EXERCISE INSTRUCTIONS:
Go through the following data and transcribe exactly the stretch of lines from the one holding "Водяной полотенцесушитель Тругор" to the one holding "Оригинальное, модное двухцветное", both included.

SUPPLIED MATERIAL:

+ + + + + + +

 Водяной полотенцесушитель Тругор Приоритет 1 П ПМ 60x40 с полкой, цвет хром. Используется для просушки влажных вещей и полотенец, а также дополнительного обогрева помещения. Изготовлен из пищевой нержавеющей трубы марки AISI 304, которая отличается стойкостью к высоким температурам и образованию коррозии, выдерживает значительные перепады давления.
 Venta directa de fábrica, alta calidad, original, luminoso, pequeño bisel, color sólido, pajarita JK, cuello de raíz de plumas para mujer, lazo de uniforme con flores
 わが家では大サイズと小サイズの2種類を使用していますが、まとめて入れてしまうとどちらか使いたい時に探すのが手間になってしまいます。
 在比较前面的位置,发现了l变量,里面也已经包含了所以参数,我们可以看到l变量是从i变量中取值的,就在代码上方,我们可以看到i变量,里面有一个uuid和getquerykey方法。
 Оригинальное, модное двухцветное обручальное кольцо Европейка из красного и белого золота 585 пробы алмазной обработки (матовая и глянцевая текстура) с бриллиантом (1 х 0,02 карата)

+ + + + + + +

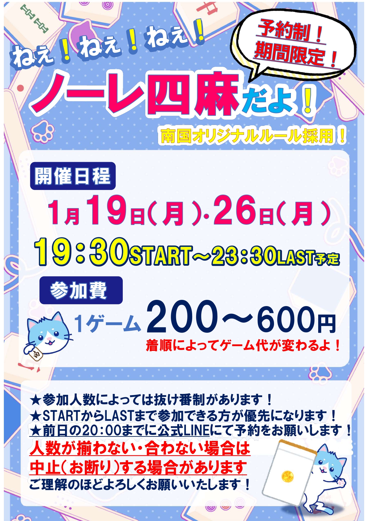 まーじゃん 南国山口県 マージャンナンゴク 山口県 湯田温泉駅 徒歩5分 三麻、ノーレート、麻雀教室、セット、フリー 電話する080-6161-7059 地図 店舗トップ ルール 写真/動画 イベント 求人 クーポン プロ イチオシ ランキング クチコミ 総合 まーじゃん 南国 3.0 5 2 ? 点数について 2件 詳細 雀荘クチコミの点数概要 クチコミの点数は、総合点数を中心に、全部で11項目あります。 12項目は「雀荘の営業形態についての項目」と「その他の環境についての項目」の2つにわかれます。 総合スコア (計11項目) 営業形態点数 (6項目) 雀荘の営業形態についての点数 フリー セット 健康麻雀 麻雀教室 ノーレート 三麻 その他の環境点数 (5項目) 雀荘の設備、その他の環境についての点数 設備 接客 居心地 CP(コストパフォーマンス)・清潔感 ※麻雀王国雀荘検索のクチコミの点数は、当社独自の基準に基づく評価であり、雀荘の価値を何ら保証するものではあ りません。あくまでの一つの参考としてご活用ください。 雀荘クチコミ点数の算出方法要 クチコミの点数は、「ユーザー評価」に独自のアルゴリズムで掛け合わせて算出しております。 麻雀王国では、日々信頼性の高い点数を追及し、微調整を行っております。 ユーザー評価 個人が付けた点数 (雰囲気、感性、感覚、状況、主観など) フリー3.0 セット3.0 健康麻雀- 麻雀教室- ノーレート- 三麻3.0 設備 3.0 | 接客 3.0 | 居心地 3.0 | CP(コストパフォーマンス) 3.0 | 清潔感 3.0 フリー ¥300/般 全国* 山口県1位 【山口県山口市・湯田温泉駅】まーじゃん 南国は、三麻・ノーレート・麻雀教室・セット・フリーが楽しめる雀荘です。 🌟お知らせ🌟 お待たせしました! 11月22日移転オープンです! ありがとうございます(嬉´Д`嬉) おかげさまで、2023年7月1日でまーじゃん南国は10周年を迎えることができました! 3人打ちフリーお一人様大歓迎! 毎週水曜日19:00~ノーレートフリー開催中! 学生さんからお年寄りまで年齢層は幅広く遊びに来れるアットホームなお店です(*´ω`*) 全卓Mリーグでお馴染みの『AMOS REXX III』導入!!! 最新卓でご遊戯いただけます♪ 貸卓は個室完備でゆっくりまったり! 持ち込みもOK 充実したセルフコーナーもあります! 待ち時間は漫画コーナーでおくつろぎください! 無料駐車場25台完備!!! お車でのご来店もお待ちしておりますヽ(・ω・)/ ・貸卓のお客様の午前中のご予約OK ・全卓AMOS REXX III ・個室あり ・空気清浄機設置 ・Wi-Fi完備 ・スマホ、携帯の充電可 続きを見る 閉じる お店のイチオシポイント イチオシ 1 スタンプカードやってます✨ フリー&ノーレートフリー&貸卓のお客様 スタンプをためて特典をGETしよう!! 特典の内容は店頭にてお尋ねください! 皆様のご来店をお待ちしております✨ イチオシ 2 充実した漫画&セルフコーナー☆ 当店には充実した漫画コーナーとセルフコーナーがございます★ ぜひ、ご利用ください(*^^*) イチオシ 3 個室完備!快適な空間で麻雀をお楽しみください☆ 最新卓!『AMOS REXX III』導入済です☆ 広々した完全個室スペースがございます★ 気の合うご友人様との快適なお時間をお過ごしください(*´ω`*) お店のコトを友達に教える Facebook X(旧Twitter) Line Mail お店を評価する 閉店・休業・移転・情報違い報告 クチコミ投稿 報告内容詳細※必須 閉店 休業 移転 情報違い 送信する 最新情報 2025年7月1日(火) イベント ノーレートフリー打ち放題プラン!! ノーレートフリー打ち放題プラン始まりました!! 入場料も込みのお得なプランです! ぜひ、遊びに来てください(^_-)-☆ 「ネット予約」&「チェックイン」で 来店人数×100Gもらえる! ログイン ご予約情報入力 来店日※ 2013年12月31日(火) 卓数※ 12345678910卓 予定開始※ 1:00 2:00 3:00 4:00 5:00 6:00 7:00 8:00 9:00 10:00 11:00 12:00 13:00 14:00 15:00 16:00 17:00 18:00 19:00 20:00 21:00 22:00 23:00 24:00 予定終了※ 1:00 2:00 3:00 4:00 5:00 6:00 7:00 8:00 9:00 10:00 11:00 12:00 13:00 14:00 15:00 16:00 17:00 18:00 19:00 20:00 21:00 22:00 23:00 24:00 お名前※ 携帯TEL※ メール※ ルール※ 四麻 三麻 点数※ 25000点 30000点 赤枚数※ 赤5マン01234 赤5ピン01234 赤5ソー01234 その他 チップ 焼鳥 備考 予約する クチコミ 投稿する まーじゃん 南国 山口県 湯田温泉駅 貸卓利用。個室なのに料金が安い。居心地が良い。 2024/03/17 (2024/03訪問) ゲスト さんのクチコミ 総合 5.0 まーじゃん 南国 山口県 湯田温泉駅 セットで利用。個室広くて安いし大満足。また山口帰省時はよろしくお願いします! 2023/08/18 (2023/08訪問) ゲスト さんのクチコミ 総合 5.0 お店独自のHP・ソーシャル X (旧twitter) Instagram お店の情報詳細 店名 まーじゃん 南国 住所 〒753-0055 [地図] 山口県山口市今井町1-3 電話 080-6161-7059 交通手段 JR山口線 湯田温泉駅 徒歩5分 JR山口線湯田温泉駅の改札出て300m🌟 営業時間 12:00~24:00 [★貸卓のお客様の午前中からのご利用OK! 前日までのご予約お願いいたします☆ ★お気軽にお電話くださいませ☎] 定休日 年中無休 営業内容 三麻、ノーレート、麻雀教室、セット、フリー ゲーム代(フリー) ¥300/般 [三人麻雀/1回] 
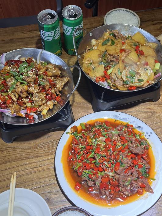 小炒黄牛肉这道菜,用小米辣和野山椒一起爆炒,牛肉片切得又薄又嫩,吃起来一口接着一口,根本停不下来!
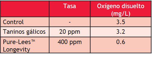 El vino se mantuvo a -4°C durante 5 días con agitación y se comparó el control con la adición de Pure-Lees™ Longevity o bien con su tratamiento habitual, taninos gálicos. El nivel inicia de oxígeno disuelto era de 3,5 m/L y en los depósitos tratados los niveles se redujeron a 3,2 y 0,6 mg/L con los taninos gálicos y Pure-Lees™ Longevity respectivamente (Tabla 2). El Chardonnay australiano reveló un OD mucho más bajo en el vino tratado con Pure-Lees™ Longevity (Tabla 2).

+ + + + + + +

PROBLEM SOLUTION:
 Водяной полотенцесушитель Тругор Приоритет 1 П ПМ 60x40 с полкой, цвет хром. Используется для просушки влажных вещей и полотенец, а также дополнительного обогрева помещения. Изготовлен из пищевой нержавеющей трубы марки AISI 304, которая отличается стойкостью к высоким температурам и образованию коррозии, выдерживает значительные перепады давления.
 Venta directa de fábrica, alta calidad, original, luminoso, pequeño bisel, color sólido, pajarita JK, cuello de raíz de plumas para mujer, lazo de uniforme con flores
 わが家では大サイズと小サイズの2種類を使用していますが、まとめて入れてしまうとどちらか使いたい時に探すのが手間になってしまいます。
 在比较前面的位置,发现了l变量,里面也已经包含了所以参数,我们可以看到l变量是从i变量中取值的,就在代码上方,我们可以看到i变量,里面有一个uuid和getquerykey方法。
 Оригинальное, модное двухцветное обручальное кольцо Европейка из красного и белого золота 585 пробы алмазной обработки (матовая и глянцевая текстура) с бриллиантом (1 х 0,02 карата)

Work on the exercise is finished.